◆ WHAT YOU ARE ASKED TO DO
Apart from the images, reproduce all of the data word for word.

DATASET EXCERPT START

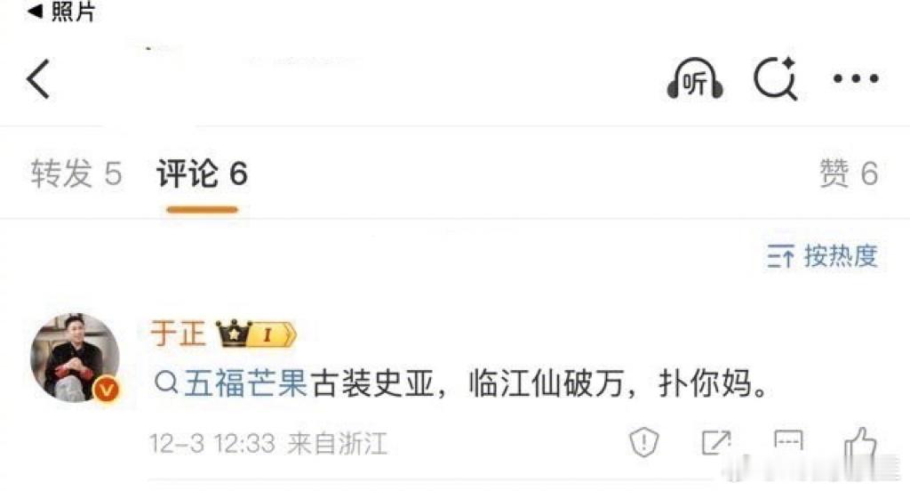 于正破防怒怼网友,并喷脏话:《五福临门》芒果史亚,《临江仙》破万。这几天,关于“《国色芳华》与《水龙吟》谁是芒果史冠”已经引发巨大热议,如今于正率先认证《五福临门》是芒果史亚。
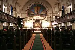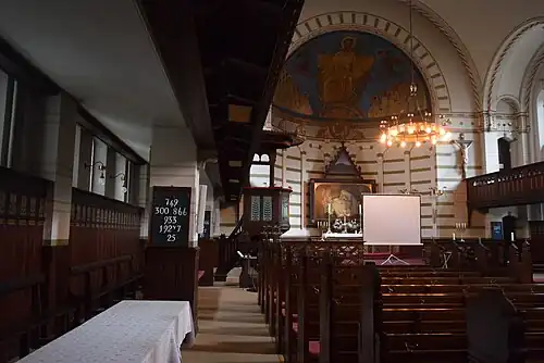 Raised three steps from the nave, the choir has a large round-arched, vaulted altar niche in its rear wall with a fresco by Johannes Kragh.
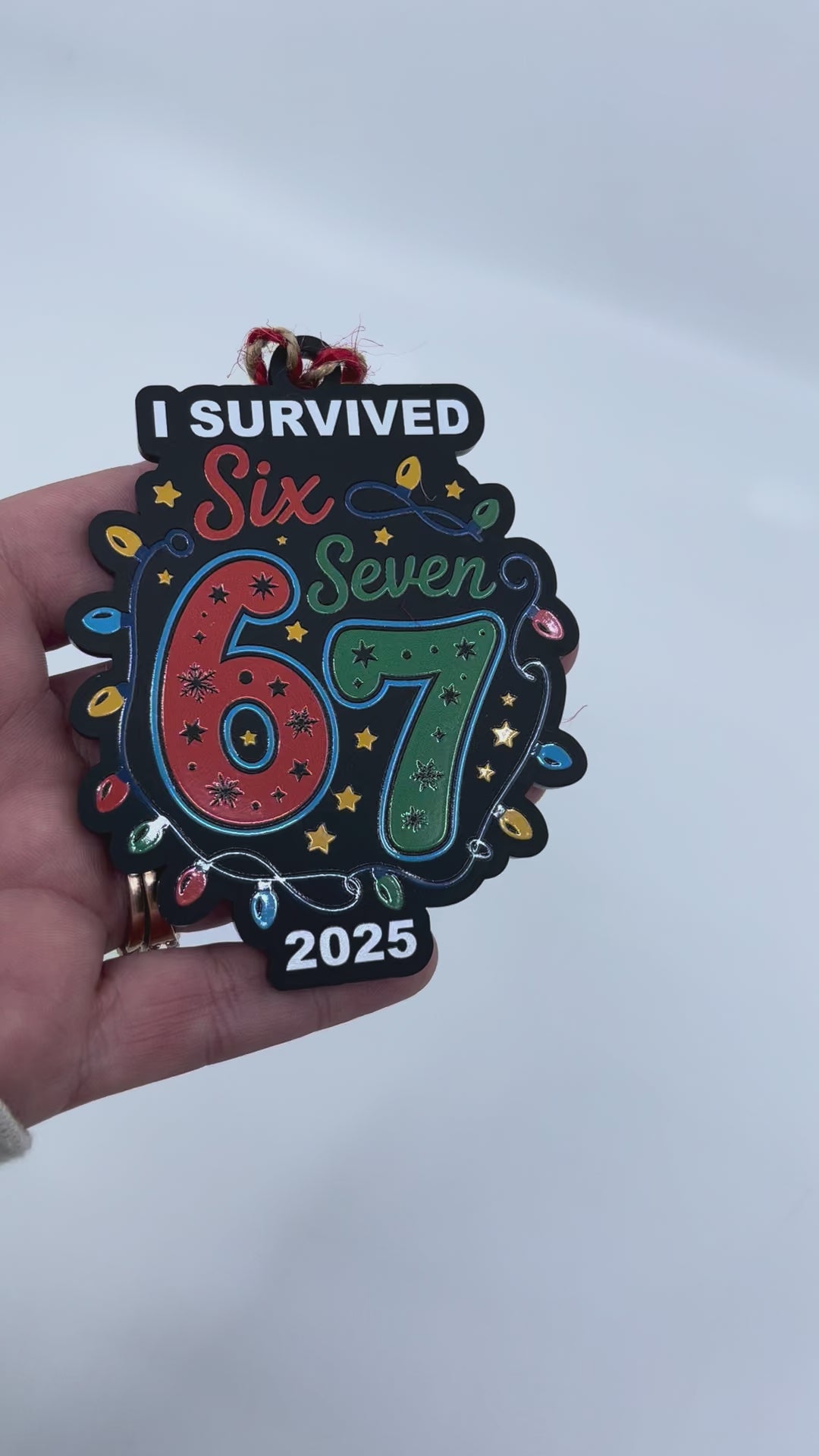 Add a pop of humor and vibrant color to your Christmas tree this year with our exclusive "I Survived Six Seven" 2025 Ornament. Whether this is a funny inside joke, a milestone birthday celebration (hello, 67!), or just a quirky way to remember the year, this ornament is sure to be a conversation starter.
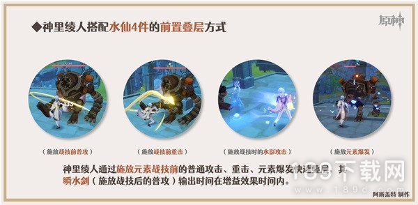 ①.神里绫人可通过启动元素战技前,打出一次“普攻+重击”的方式叠层,主要利用元素爆发的水花剑伤害将4件套效果叠满,使后续瞬水剑(普攻)获得最高层数的增益效果。

DATASET EXCERPT END

◆ EXERCISE RESULT
 于正破防怒怼网友,并喷脏话:《五福临门》芒果史亚,《临江仙》破万。这几天,关于“《国色芳华》与《水龙吟》谁是芒果史冠”已经引发巨大热议,如今于正率先认证《五福临门》是芒果史亚。
 Raised three steps from the nave, the choir has a large round-arched, vaulted altar niche in its rear wall with a fresco by Johannes Kragh.
 Add a pop of humor and vibrant color to your Christmas tree this year with our exclusive "I Survived Six Seven" 2025 Ornament. Whether this is a funny inside joke, a milestone birthday celebration (hello, 67!), or just a quirky way to remember the year, this ornament is sure to be a conversation starter.
 ①.神里绫人可通过启动元素战技前,打出一次“普攻+重击”的方式叠层,主要利用元素爆发的水花剑伤害将4件套效果叠满,使后续瞬水剑(普攻)获得最高层数的增益效果。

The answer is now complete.